> What you have to do:
Print every record exactly, but leave out the pictures.
*** Dataset excerpts Section Begins ***
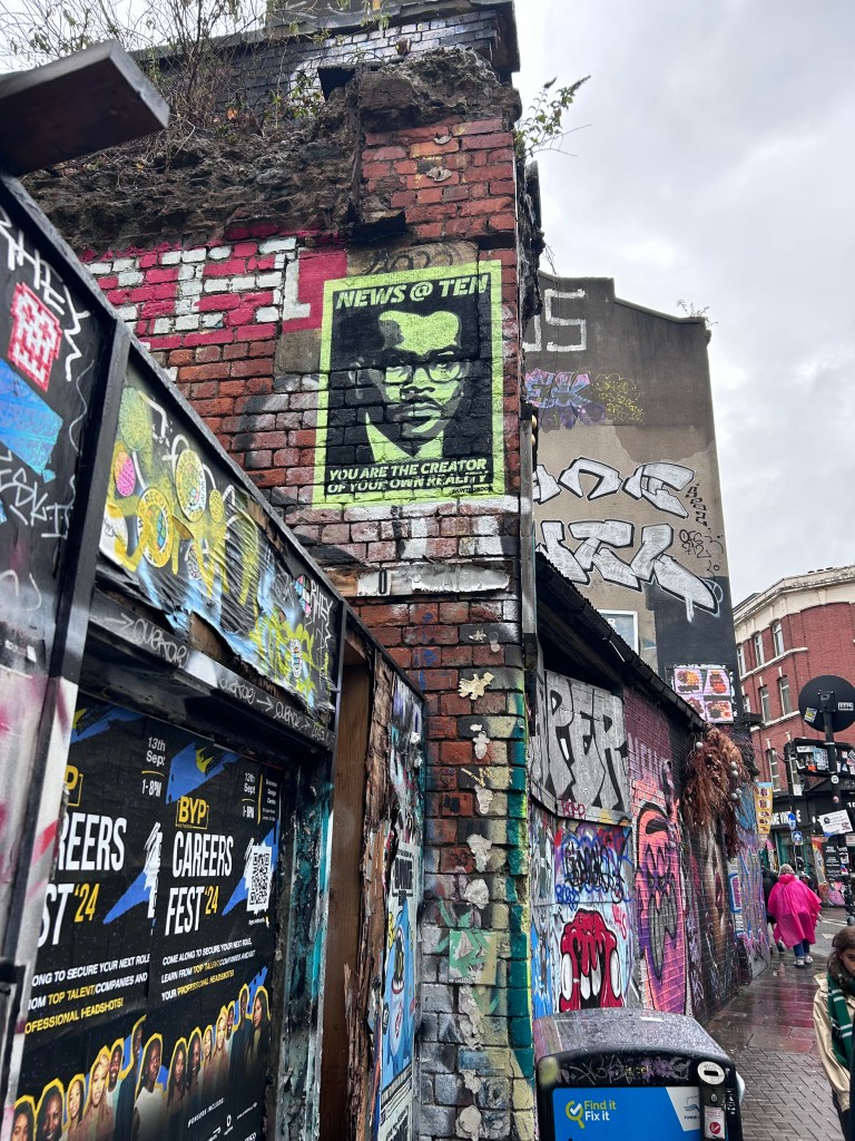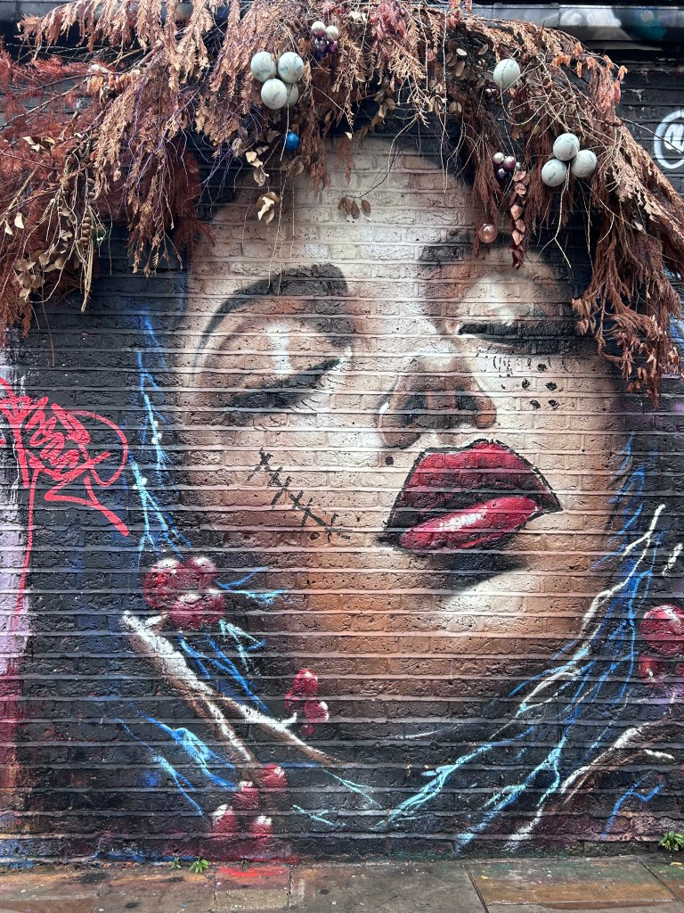 A day before the carnival, we headed to Brick Lane to see Three Monkeys, located on the wall of the train track in this colorful neighborhood. I was thrilled to see their work on the street rather than in an exhibition. While walking toward the location, it started to rain—as is typical in London. Diego, one of my friends, didn’t want to get wet, so he stayed in a coffee shop with another friend. I borrowed his coat and went down the street to look for the art piece. I found it and was excited to see it, having just been revealed weeks before.
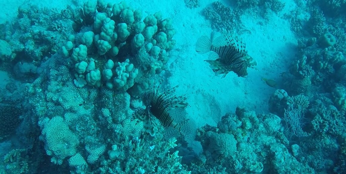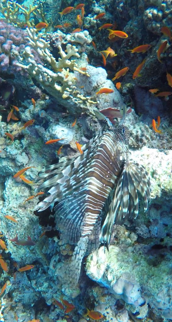 Blaupunktrochen und Riesenfalterfische dösen unter der FächerkoralleIn 17,7m Tiefe bei 28°C schwebt es sich auch für uns vortrefflichMit der wollen wir uns nicht anlegen: eine Moräne ruht sich zwischen den Korallen aus.Ein kleines Korallentor…Auf dem Foto kommt es gar nicht so gut raus: in geringer Wassertiefe ist die Farbenpracht super.Wer ihn auf diesem Bild findet darf ihn behalten: den äußerst gut getarnten Steinfisch.Zwei Rotfeuerfische tanzen umeinander herumDieser Krokodilfisch ist ebenfalls echt gut getarntDer Rotfeuerfisch lässt mich auf wenige cm heran bevor er genervt um die nächste Koralle abhautStephan hat die Ruhe weg. Und mit wem? Mit dem Stöti natürlich…
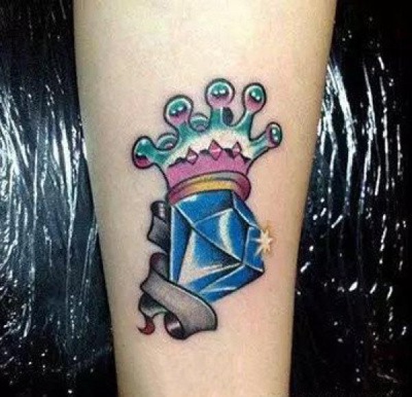 皇冠钻石小纹身:钻石和皇冠搭配的小彩色纹身图案
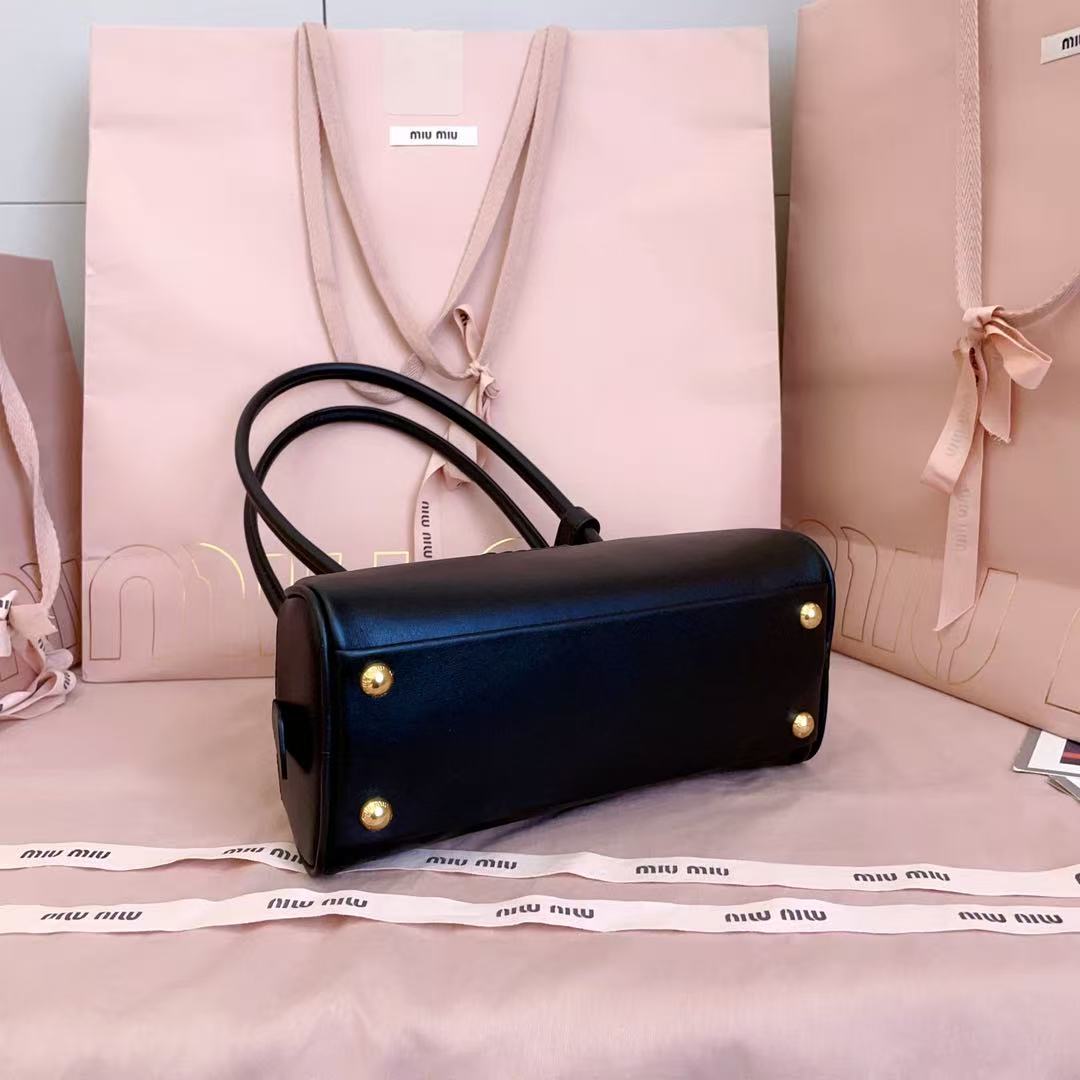 結構化半圓設計: 採用高難度的立體成型工藝,確保包身在空載狀態下依然能維持圓潤有型的線條,不會輕易扁塌。正面點綴經典的 miu標誌性 Logo,低調彰顯品牌辨識度。
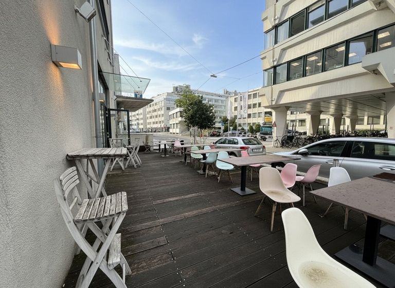 Das bestehende Interieur (Tische, Ausstattung, Bäckereitheke etc.) kann auf Wunsch übernommen werden, alternativ wird die Fläche leer übergeben.
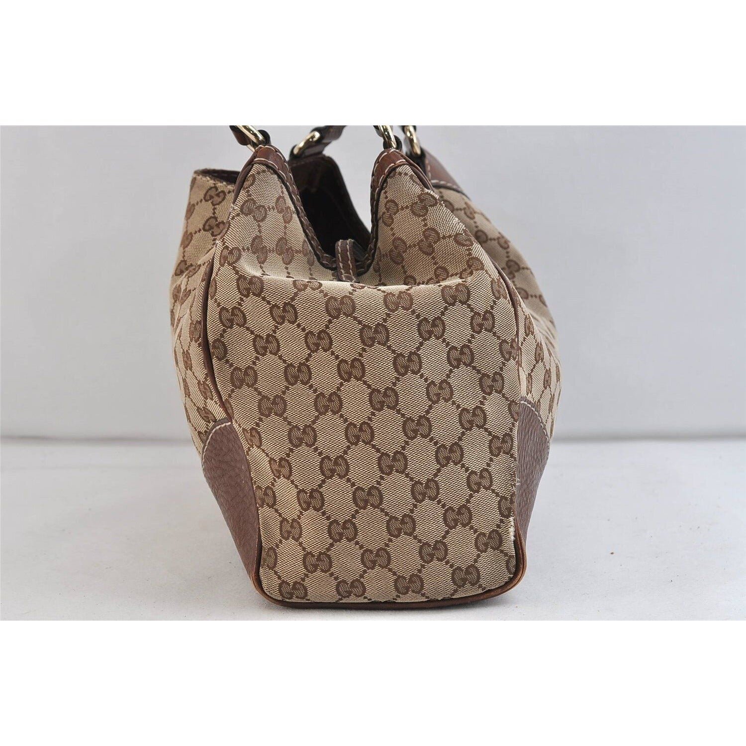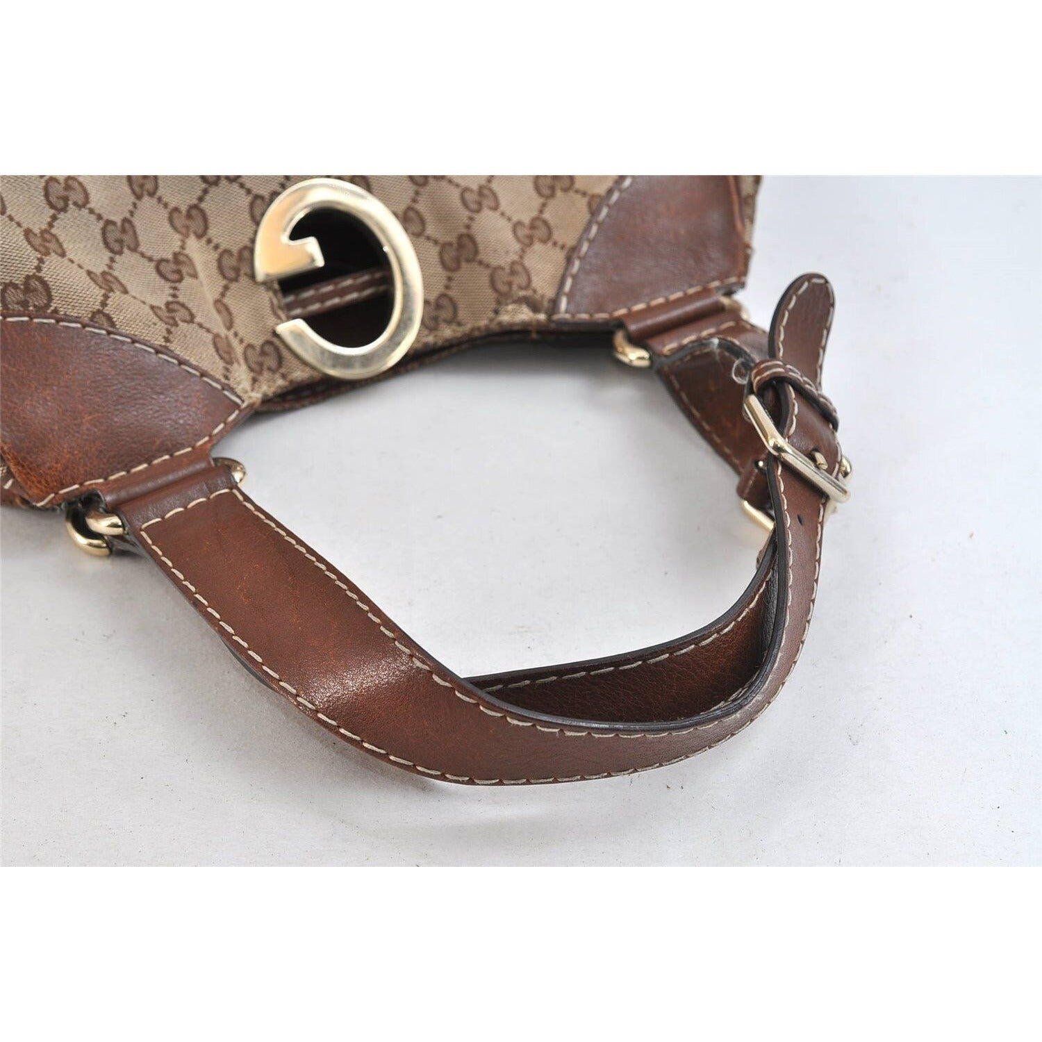 The bag is made of brown Guccissima or large ‘G’ style logo print canvas and brown leather with chrome hardware. It has two leather handles that attach to the two large solid gold Gs on one side- see pictures- and have a buckle to adjust their length on the other side. The tote has leather straps, leather trim along the bottom, leather corners, and a leather lined interior top. It has snaps on both sides that would allow it to hold less or expand – see pictures- and a snap top closure. The purse is so chic and stylish, yet practical!
*** Dataset excerpts Section Ends ***
> Result of the task:
 A day before the carnival, we headed to Brick Lane to see Three Monkeys, located on the wall of the train track in this colorful neighborhood. I was thrilled to see their work on the street rather than in an exhibition. While walking toward the location, it started to rain—as is typical in London. Diego, one of my friends, didn’t want to get wet, so he stayed in a coffee shop with another friend. I borrowed his coat and went down the street to look for the art piece. I found it and was excited to see it, having just been revealed weeks before.
 Blaupunktrochen und Riesenfalterfische dösen unter der FächerkoralleIn 17,7m Tiefe bei 28°C schwebt es sich auch für uns vortrefflichMit der wollen wir uns nicht anlegen: eine Moräne ruht sich zwischen den Korallen aus.Ein kleines Korallentor…Auf dem Foto kommt es gar nicht so gut raus: in geringer Wassertiefe ist die Farbenpracht super.Wer ihn auf diesem Bild findet darf ihn behalten: den äußerst gut getarnten Steinfisch.Zwei Rotfeuerfische tanzen umeinander herumDieser Krokodilfisch ist ebenfalls echt gut getarntDer Rotfeuerfisch lässt mich auf wenige cm heran bevor er genervt um die nächste Koralle abhautStephan hat die Ruhe weg. Und mit wem? Mit dem Stöti natürlich…
 皇冠钻石小纹身:钻石和皇冠搭配的小彩色纹身图案
 結構化半圓設計: 採用高難度的立體成型工藝,確保包身在空載狀態下依然能維持圓潤有型的線條,不會輕易扁塌。正面點綴經典的 miu標誌性 Logo,低調彰顯品牌辨識度。
 Das bestehende Interieur (Tische, Ausstattung, Bäckereitheke etc.) kann auf Wunsch übernommen werden, alternativ wird die Fläche leer übergeben.
 The bag is made of brown Guccissima or large ‘G’ style logo print canvas and brown leather with chrome hardware. It has two leather handles that attach to the two large solid gold Gs on one side- see pictures- and have a buckle to adjust their length on the other side. The tote has leather straps, leather trim along the bottom, leather corners, and a leather lined interior top. It has snaps on both sides that would allow it to hold less or expand – see pictures- and a snap top closure. The purse is so chic and stylish, yet practical!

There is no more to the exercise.